Читаем Маэстро миф полностью

Работать с Караяном можно было, только смирившись с его абсолютной властью. «Думаю, самое большое негодование внушало мне во время представлений „Кольца“ [„Мет“, 1968], то, — говорила его Брунгильда, Биргит Нильсон, — что мы были вынуждены постоянно находиться в его распоряжении. График репетиций оставался нам не известным, хоть как-то планировать, исходя из него, нашу жизнь мы не могли. Нам следовало появляться всякий раз, как он нас вызывал. Иногда мы дожидались этого часами. Как-то я предложила всем уйти… однако мы слишком боялись его». Он, говорила Нильсон, «просто использовал нас». Агнес Бальца ушла из его «Кармен», для ее греческого темперамента такие испытания оказались непомерными. Молодым сопрано приходилось надрываться в огромных партиях, превосходивших их деликатные способности, — партиях, с исполнением которых они могли бы справиться лишь в студии звукозаписи. Хельга Дернеш, Катя Риччарелли и другие расплачивались за его высокомерие тем, что срывали на сцене голоса и освистывались публикой.

Те певцы, что покрепче, сумевшие выжить, в музыкальном отношении обогащались. «Работая с Караяном, вдруг начинаешь слышать музыку словно другими ушами» — писал Пласидо Доминго. «Его умение вылепливать артиста, направлять певца, не имеет себе равных» — признавала Бальца. «Если он принимает тебя, то доверяет тебе полностью» — говорила Зена Юринац. Но даже пожизненным его фаворитам приходилось сносить внезапные наскоки Караяна, подрывавшие их веру в себя и заставлявшие трепетать, надеясь лишь на его милосердие. «У вас карие глаза, глаза предателя» — ни с того, ни с сего прилюдно рявкнул Караян, обращаясь к своему художнику сцены Гюнтеру Шнайдер-Симсену. За 27 лет совместной работы художник ни разу не слышал от Караяна дружеского «ты». Караян, роптал его многострадальный управляющий оркестра, «похож на погоду». Он видел в себе руку судьбы, едва ли не природную стихию. «Мое время придет наверняка, и я жду его, спокойно и уверенно» — написал он после войны одному из друзей.

«В собственном его сознании он и был Гитлером» — считает один из руководителей индустрии звукозаписи. «Нечего и сомневаться, — говорит его американский биограф, которого Караян свозил на экскурсию в Берхтесгаден, логово Гитлера, — в том, что Караян был большим поклонником Гитлера». «F"uhrer Prinzip[‡‡‡‡‡‡‡‡‡]» каждодневно воплощался в жизнь музыкантом, любившим, чтобы его называли «Der Chef». Когда он в Берлине входил в здание «Филармониа», служащим полагалось выстраиваться на лестнице — по одному на каждой ступеньке, — держа перед собой бумаги, которые Караян величаво подмахивал, поднимаясь. Машину его надлежало ставить прямо перед служебным входом, в отрицание установленных полицией правил. Он сбрасывал свое пальто на руки продюсера звукозаписей, показывая, кто из них хозяин, а кто слуга.

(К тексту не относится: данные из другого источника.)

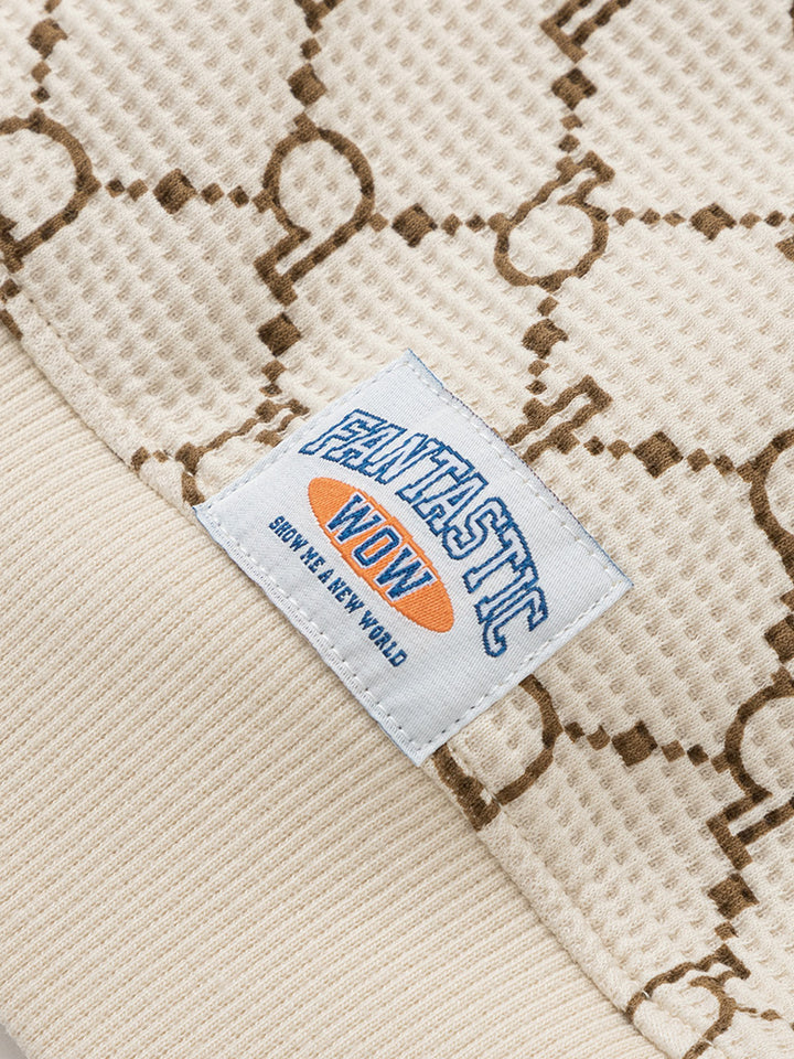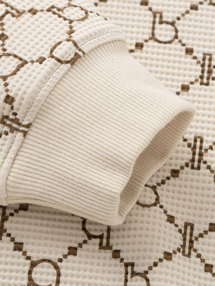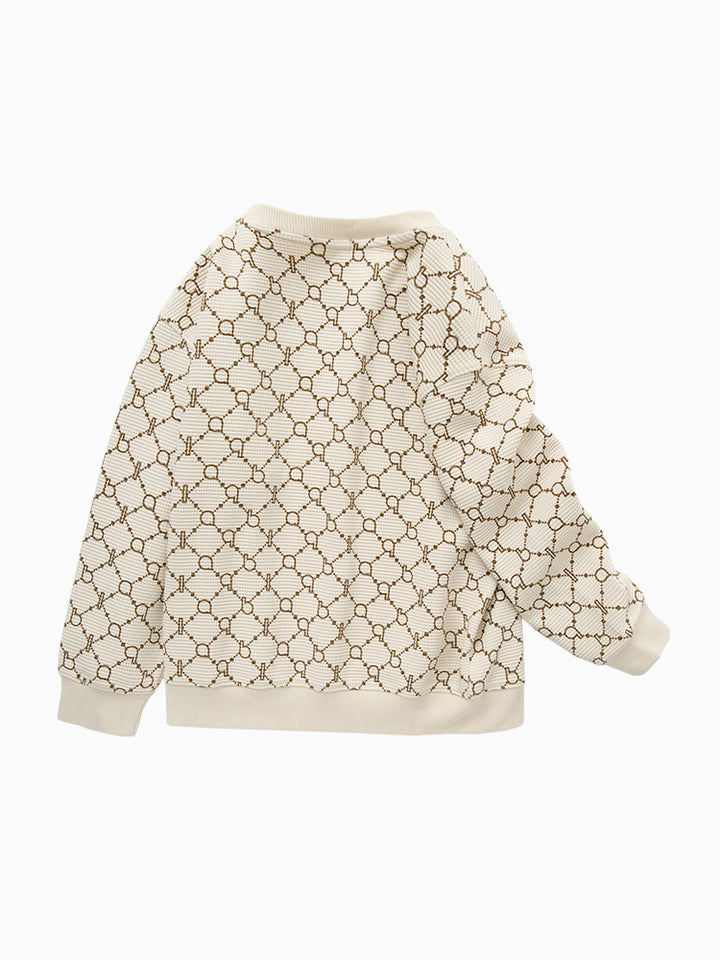 long sleeves casual sweatshirt in a textured pattern fabric, decorated with printed pattern on full design, comes with a rounded shape neckline

Караян разделял с Гитлером обидчивость чужака, провинциального австрийца в космополитичной Германии — да и не вполне австрийца, к тому же. Его предками с отцовской стороны были греки, носившие фамилию Караяннис, мать была словачкой. Аристократическое «фон» представляло собой украшение недавнее — дворянское достоинство семья получила от одного из незначительных дворов, после 1918-го оно утратило в Австрии силу. При крещении ему дали имя «Гериберт», однако еще в начале публичной карьеры отбросил лишенную героичности среднюю букву. Впоследствии Караян судился со старшим братом, дабы не позволить ему, направлявшемуся со своим органным ансамблем в турне по США, использовать их общую фамилию. Миру надлежало знать лишь одного Караяна.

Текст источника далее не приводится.